The results of these mini test batches will give you the answer you seek.

Good Luck,

Steve


----------



## tom341 (May 19, 2007)

Thank you Steve,
I already used the foil on the whole batch, but I did filter all the solids out, BOY WHAT A MESS this stuff was practically totally black. I heated and dried out the filters and I will run through nitric acid (½ pound sodium nitrate, and 32 ounces sulfuric acid) and take out all the copper leaving the gold hopefully. Than run the gold through Aqua Rega (½ pound of sodium nitrate, and 32 ounces HCL). I’m hoping this will work. Pins are somewhat moor different than CPUs and Fingers. I had no trouble getting 40+ Grams from them. ..THX...<*\\\><...TOM


----------



## Kreis412 (Wednesday at 10:39 PM)

lazersteve said:


> Tom,
> 
> AR will dissolve copper. If you used an excess of AR as compared to the amount of dissolved metals you may not have all the nitric acid gone or it is also possible that you may need to dilute the solution with water to get the gold to drop.
> 
> ...


If the answer is jar 1, what is the reason the smb has no effect? Is the copper "taking" the place of the gold? Thank you for your suggestions.


----------



## orvi (Wednesday at 11:22 PM)

Kreis412 said:


> If the answer is jar 1, what is the reason the smb has no effect? Is the copper "taking" the place of the gold? Thank you for your suggestions.


This is very complex thing, I will some time give it a go and write thread about AR chemistry of base metals and PMs, in connection with oxidation and reduction what is going on inside.

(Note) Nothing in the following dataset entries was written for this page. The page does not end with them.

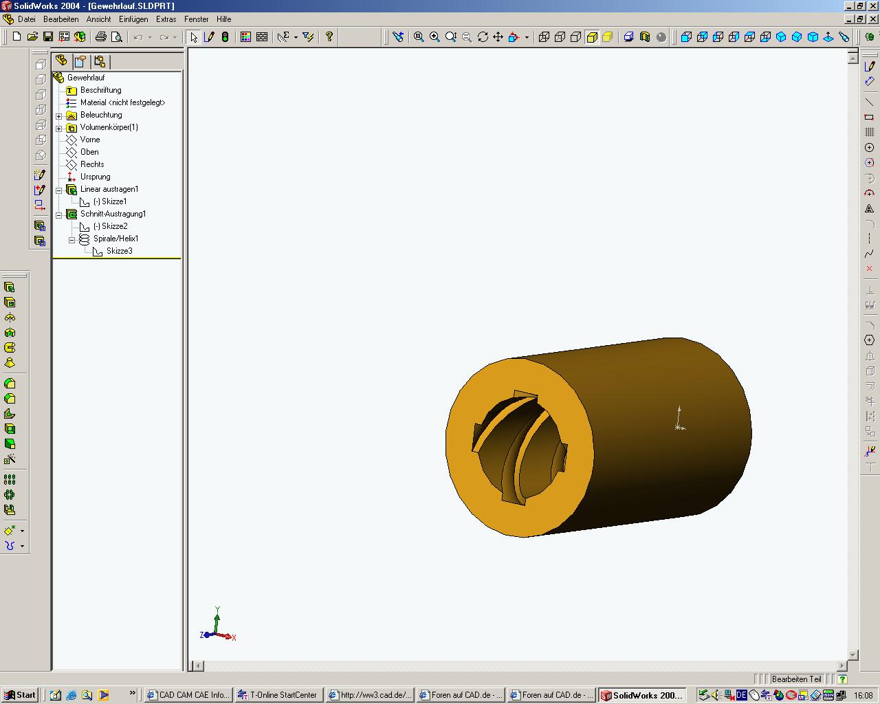 Hallo erst mal zusammen!:-) Eigentlich komme ich ganz gut zurecht mit Solid Works, doch manchmal gibt es ein paar knifflige Dinge, die ich mir leichter vorstelle als sie sind. Ich bin in der Waffen Branche (Jagd und Sportwaffen) tätig und sollte für einen Kunden eine Konstruktion abliefern. Dazu gehört auch der Gewehrlauf (ein Rohr, durch den die Geschosse getrieben werden). Dieser Lauf hat ein Innenprofil (siehe jpg) welches sich über die gesamte Länge ca 1x bis 2x um seine Achse dreht (in Form eines Wendel)auch "Drall" genannt. Ich habe dies bis jetzt jodoch nur geradlinig ausgetragen. Wer kann mir hier etwas weiter helfen, damit das Profil noch ein Wendel wird? Vielen Dank im Voraus für eure Mühen.:-)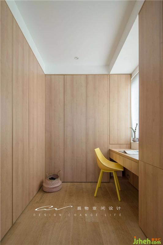 衣帽間柜門到頂。顏色接近于地板。裝修設計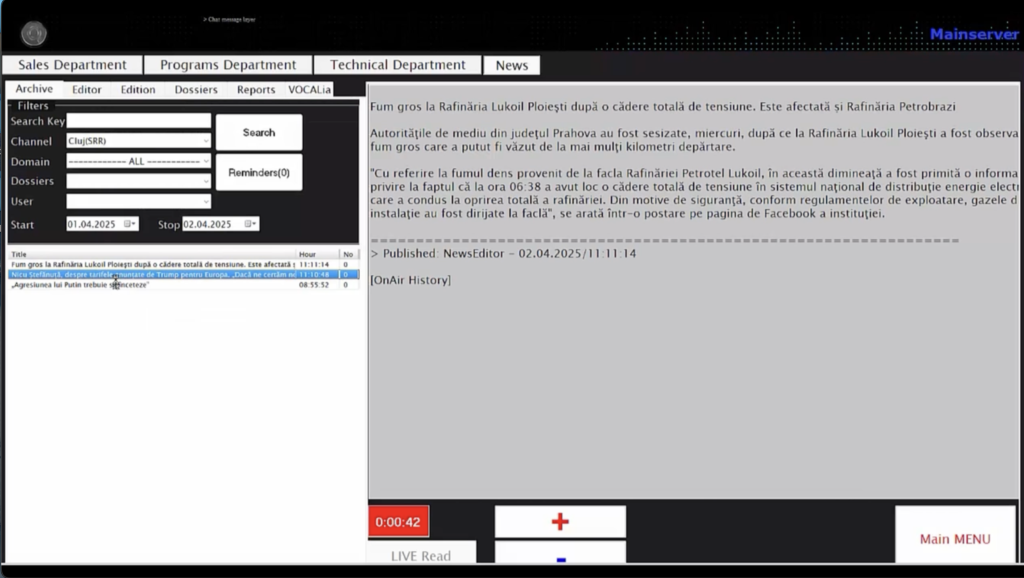 Ai la dispoziție o bază de date ușor de navigat, iar pentru introducerea unei noi știri, procedura e foarte simplă: adaugi sursa, domeniul, titlul, intro-ul și textul complet al fiecărei știri. Poți selecta inserturi audio, le inserezi direct în editor, salvezi și gata — ai totul pregătit pentru buletinul de la ora 20 sau oricare altul. Creezi ediția, selectezi ce știri intră, salvezi și… citirea poate începe. Practic, ai un prompter integrat care îți oferă un flux de lucru curat și profesional. Fix ca în video-ul* explicativ de AICI.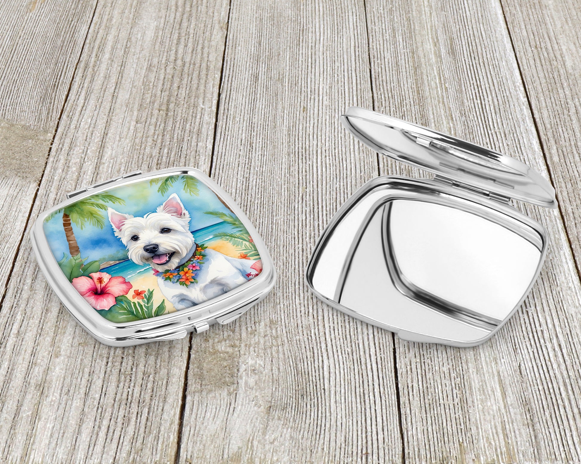 Compact Mirror featuring breed specific West Highland White Terrier artwork. Introducing our Square Compact Mirror, a blend of elegance, functionality, and compactness, perfect for on-the-go touch-ups. This Silvertone metal mirror, with dimensions of 2.75 inches x 3 inches x .3 inches, fits effortlessly into your purse, handbag, or pocket, ensuring that you can check your appearance anytime, anywhere. Our compact mirror stands out with its eye-catching artwork on the front, adding a dash of style to this practical accessory. It is more than just a mirror; it's a statement piece that reflects your personality and aesthetic. When opened, this compact reveals two mirrors inside, doubling your perspective for precise touch-ups. The Silvertone metal construction ensures durability while maintaining a lightweight feel, making it an ideal everyday carry item. Whether you're rushing to a meeting, prepping for a dinner date, or just need a quick check on your look, our Square Compact Mirror is your reliable companion. Experience the perfect blend of style and practicality with this must-have accessory.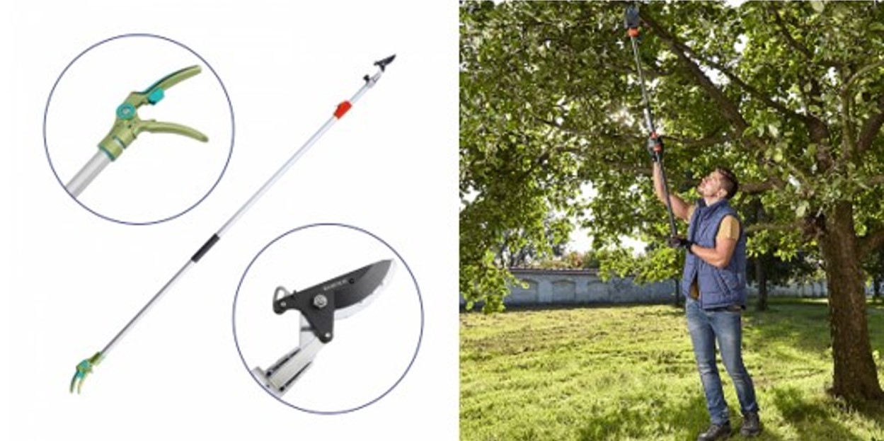 - Sử dụng kéo cắt cành trên cao có hệ thống dây kéo hoặc sào dài tích hợp cả lưỡi kéo hoặc lưỡi cưa cho các cành ở độ cao 3-5m mà không cần dùng thang.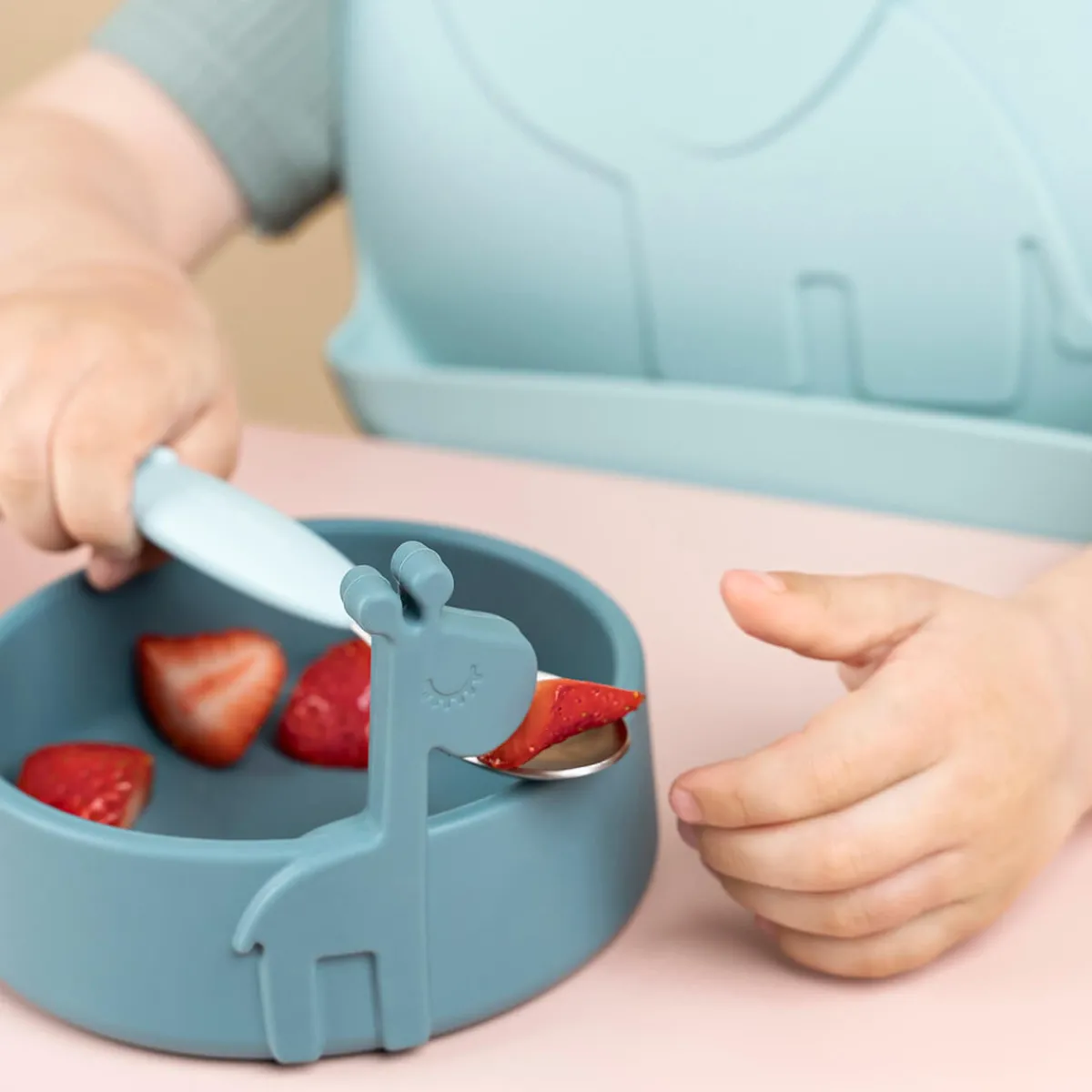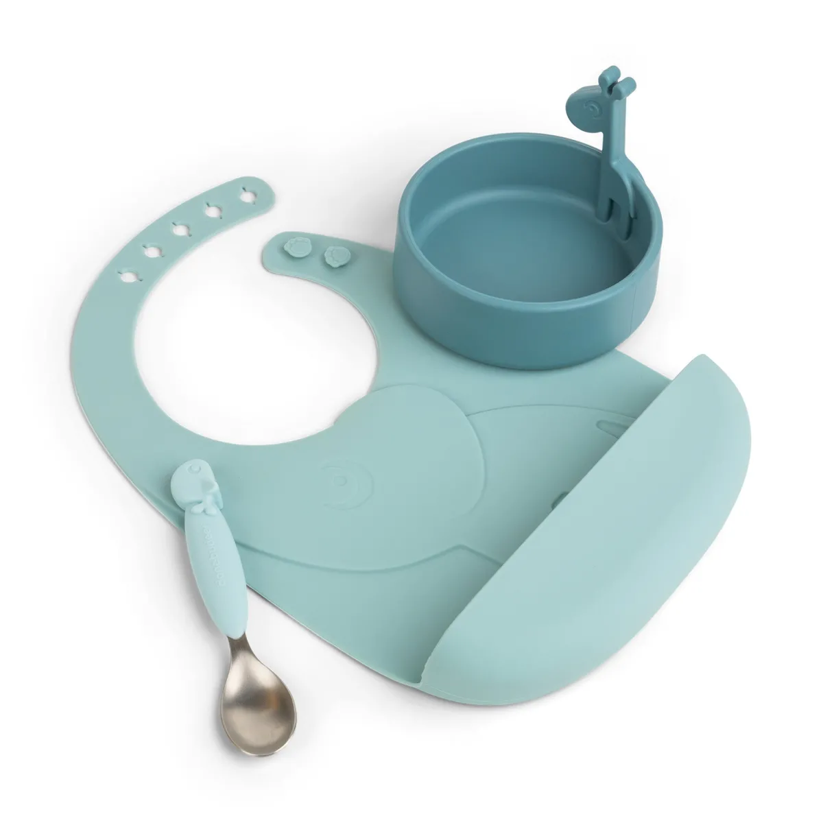 Børnene vil nyde at have de sjove dyr med til måltiderne – lad Elphees lomme fange den mad, der glipper, og lad Raffi opmuntre dem til at nå den spændende milepæl, det er at spise selv. Det søde gavesæt er i bløde toner af blå.

Reason why lazersteve suggested doubling the volume = diluting the solution, is that oxidation potentials are not only fixed numbers - but they can be altered with temperatures and concentrations. If you have nitric acid residues in the pot - it can redissolve the gold back into the solution very easily. But if you dilute the whole pot (but I am not certain if only doubling the volume would help), you dilute these residues and cause nitric oxidation potential to drop - and eventually inhibiting reaction with gold. 

This technique is used by some folks, but I do not have good feeling about it, regarding control and some standardization. And of course, producing more waste which need to be treated


----------



## goldshark (Wednesday at 11:31 PM)

Did you make your AR by simply putting the Sodium Nitrate into HCL? I don't believe that will work. That is not AR. Please describe exactly what you did to make"AR", please.


----------